Predicting root water uptake (RWU) of wide-distributed alpine meadow on the Qinghai-Tibet Plateau (QTP) is essential to precisely reveal the complex hydrothermal behaviors of alpine meadow soil under warming and humidifying climate. In this study, a model for RWU of alpine meadows on the QTP is proposed, which comprehensively considers the actual root characteristics of alpine meadow and the influence of soil temperature. In the proposed model, a root density function is newly derived to describe the root characteristics of alpine meadows, where root biomass (RB) is taken as root characteristics index. Meanwhile, a temperature-dependent reduction function is developed to reflect the impact of soil temperature on the RWU of alpine meadows. The proposed model for RWU is highly competent compared to the model for RWU not considering soil temperature.

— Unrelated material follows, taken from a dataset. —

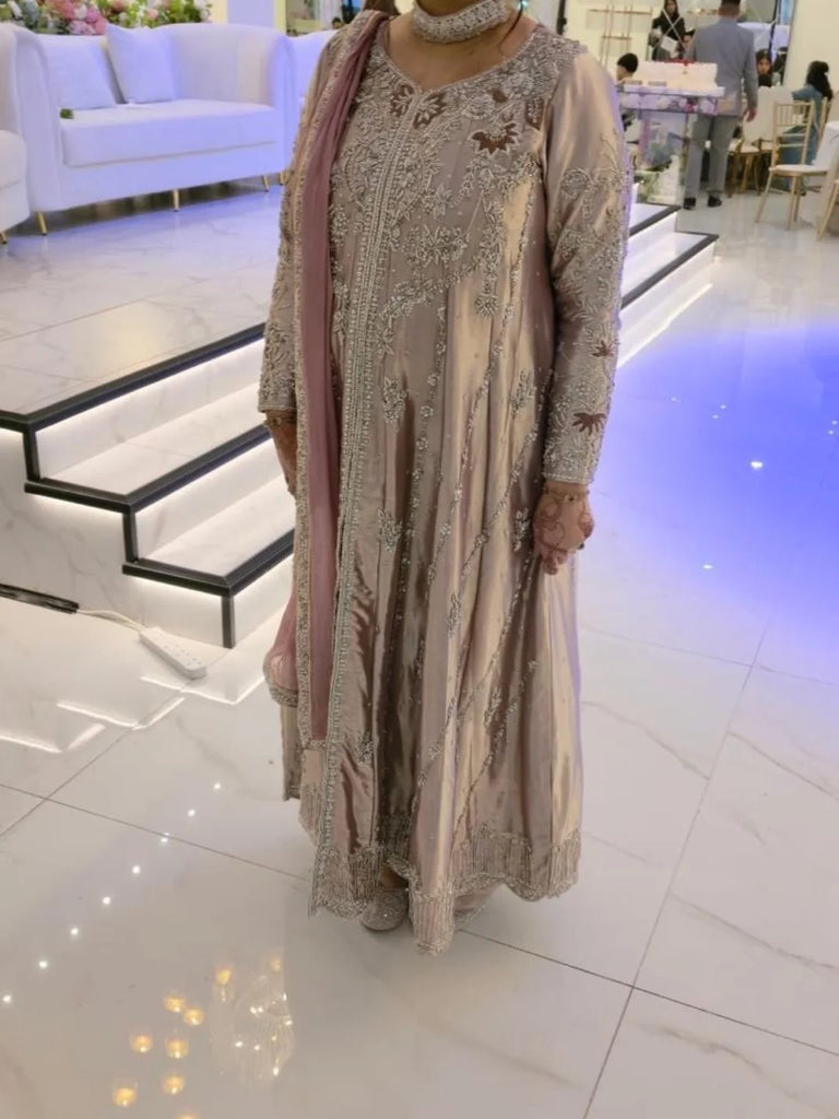 Anahita is a graceful white silhouette with lustrous floral embellishment of dazzling sparkles and pearls. Crafted on premium net fabric along with raw silk flayed embroidered pants, this beauty is...

Furthermore, the proposed model for RWU is applied to explore the influence of RWU effect on the water movement of soil under different soil temperatures. Results indicate that the increment of soil temperature can lead to the exponentially increasing trend for the RWU rate of alpine meadows. Under the RWU effect, the alpine meadows with the thickness of 0.25 m have contributed to the moisture redistribution of soil layer within the range of 0.75 m. At the maximum soil temperature of 23 °C, the maximum RWU rate of 25.16 × 10−9 1/s leads to the maximum decline in volumetric water content of 6.31%. Higher soil temperature is beneficial to the stability of the shallow freeze-thaw slope covered by alpine meadows, which is the opposite of the influence of humidifying climate. It is helpful to disclose the failure mechanism of shallow freeze-thaw slopes of the QTP.

查看原文
分享 分享
微信好友 朋友圈 QQ好友 复制链接
本刊更多论文
考虑土壤温度的青藏高原高寒草甸根系吸水模型
预测青藏高原分布广泛的高寒草甸的根系吸水率(RWU)对于准确揭示气候变暖和增湿条件下高寒草甸土壤复杂的水热行为至关重要。本研究综合考虑青藏高原高寒草甸根系的实际特征和土壤温度的影响,提出了青藏高原高寒草甸 RWU 模型。在所提出的模型中,新导出了根系密度函数来描述高寒草甸的根系特征,其中根系生物量(RB)作为根系特征指标。同时,还建立了一个随温度变化的还原函数,以反映土壤温度对高山草甸 RWU 的影响。与不考虑土壤温度的 RWU 模型相比,所提出的 RWU 模型具有很强的能力。此外,还应用所提出的 RWU 模型探讨了不同土壤温度下 RWU 对土壤水分运动的影响。结果表明,土壤温度的升高会导致高山草甸的 RWU 率呈指数上升趋势。在 RWU 作用下,厚度为 0.25 m 的高山草甸对 0.75 m 范围内土层的水分再分布起到了促进作用。在最高土壤温度为 23 ℃ 时,最大 RWU 速率为 25.16 × 10-9 1/s,体积含水量的最大降幅为 6.31%。较高的土壤温度有利于高山草甸覆盖的浅冻融坡的稳定性,这与潮湿气候的影响正好相反。这有助于揭示青藏高原浅冻融坡的破坏机理。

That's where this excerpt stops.